Wednesday, August 16, 2006

Proper 14 Year Two, Wednesday

[Judges 13:15-24]
[Acts 6:1-15]
[John 4:1-26]

TEACHER, GIVE US A WORD

I pulled a sheet of paper from my mouth.
I read it out loud: It had exquisite sound,
sumptuous consonance, just a touch of rhyme
(but nothing too garish) and a rocking rhythm
so lovely that it didn't need a reason.
I pulled another paper from my lips.
It read: "It is not right that we should neglect
the word of God in order to wait on tables."
It seemed to be entirely reasonable.
I spoke another page, and then another,
as if to bury the Word under a mound
of my own clever words, or have God bound
within a book, make a tomb of a tome.
I have stood and argued by the well
about the proper place for sacrifice
as Jesus tried to offer living water.
I stopped to catch my breath, and was surprised
that he was silent. I opened my book
to find the words had vanished. Then I took
the empty thing and threw it on the fire.
And look! As the sparks kicked higher and higher,
angels rose to heaven on the smoke.


Today's readings made me think of this older poem of mine:

THE NECCESARY CHATTER OF THE WORLD

Is talk something we "need," the way we need
Food or love or internet access?
Yet monks go years without saying a word...
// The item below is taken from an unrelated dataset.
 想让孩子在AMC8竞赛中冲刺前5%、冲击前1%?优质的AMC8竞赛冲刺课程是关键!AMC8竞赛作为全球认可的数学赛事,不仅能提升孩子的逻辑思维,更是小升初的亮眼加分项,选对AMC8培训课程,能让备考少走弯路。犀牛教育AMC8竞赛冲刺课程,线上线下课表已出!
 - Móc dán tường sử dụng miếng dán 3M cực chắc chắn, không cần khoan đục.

Today's a "quiet day" at Seabury,
Which means that we are not supposed to talk
When we are in the halls, refectory,
Or any other common space today.
At lunch, I sit and pick at my salad
(I'm trying to lose weight, or change my life
In a way vaguely linked to how I look,
Or how I live, or how I treat myself...)
And look around at all my fellow students.
Most of them seem inward-turned today,
Not looking at each other, eyes downcast
As if to say, "If I can't speak to you,
We might as well be in two different rooms."
What terrifying emptiness is formed
Around us when sensations can't be named:
A siren bays somewhere not far away
And I can't lock it safely down with words--
As if the world might sink its million teeth,
From millions of its tiny mouths, in us
Without the safety of restraining talk--
What does it "mean," when in a lingual void,
A rabbit runs across the campus Garth?
A tree falls in the woods, and no one speaks.
So did it make a sound? What would they mean,
Sound, tree, woods, without the words?
And by the time I get back to my room
I'm feeling nervy as Schroedinger's cat,
Tense with the unnamed's breath upon my neck,
And sit down by the screen to write a bit--
To push the nothing back as by a charm,
As bonfires in the woods drive back the dark--
A stream of language, babbling like the sea--
The neccesary chatter of the world.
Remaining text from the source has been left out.